In the absence of definitive guidance from Congress, the DOL, or the courts on the scope of section 1144(b)(4)’s exception from preemption for “generally applicable criminal laws,” a court determining whether a state law criminalizing aiding and abetting activities relating to abortion is preempted will largely be in uncharted territory. If the court’s lodestar is the plain text of section 1144(b)(4), and the law is not specifically directed at benefit plans or their administrators, it seems quite possible that the court will find that the law is not preempted by ERISA.
Coming back to our hypothetical, it is entirely possible that a plan or administrator (or their employees) that covers abortion medication or telemedicine used to obtain it could be charged with aiding and abetting a criminal offense and be unable to rely on ERISA preemption.

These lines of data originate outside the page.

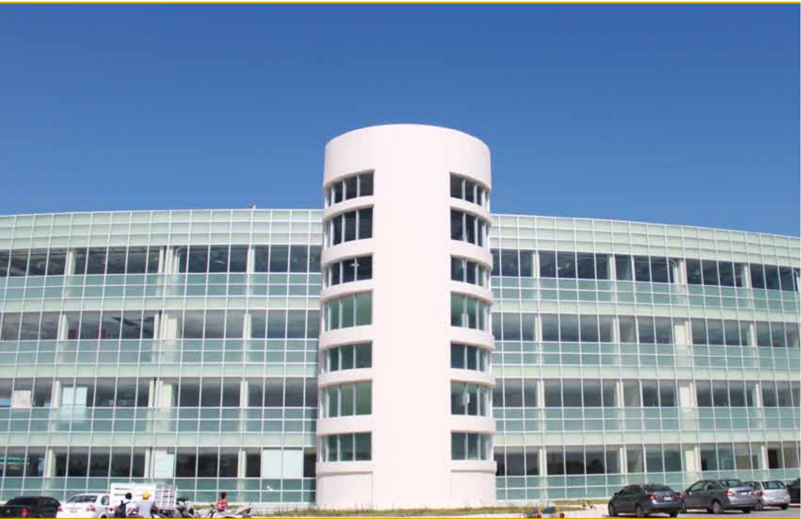
Edificio principal División de Ciencias de la Salud
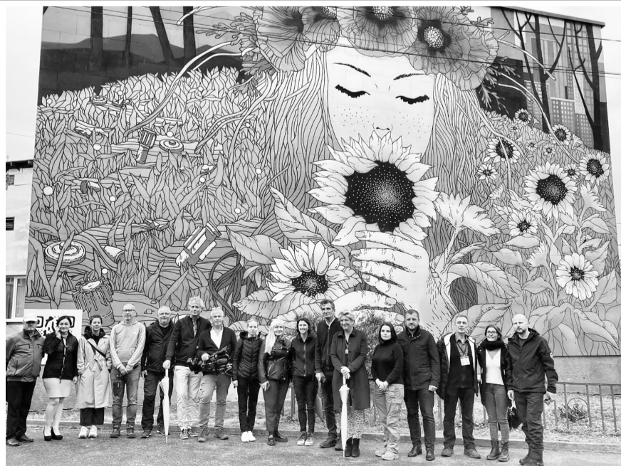
Макарівська селищна рада
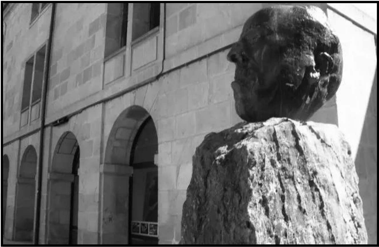
Estatua cabeza Antonio Machado

“Corazón está donde ha nacido, no a la vida, al amor, cerca del Duero”
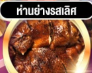
ห่านย่างรสเลิศ
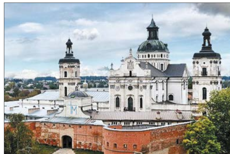
Karmelitański zespół klasztorny nad Hniliopiatem

Given these risks, plans and their administrators should proceed with due caution, keep up to date on all relevant state laws, and consider whether or not new criminal laws focused on abortion could be generally applicable criminal laws that might apply to them or their employees. They should also explore ways to potentially mitigate risk, including improving oversight, to ensure they do not cover abortion-related services that could be considered to be illegal and evaluating the extent to which they or their employees could be found to be within the jurisdiction of a state with potentially applicable criminal laws.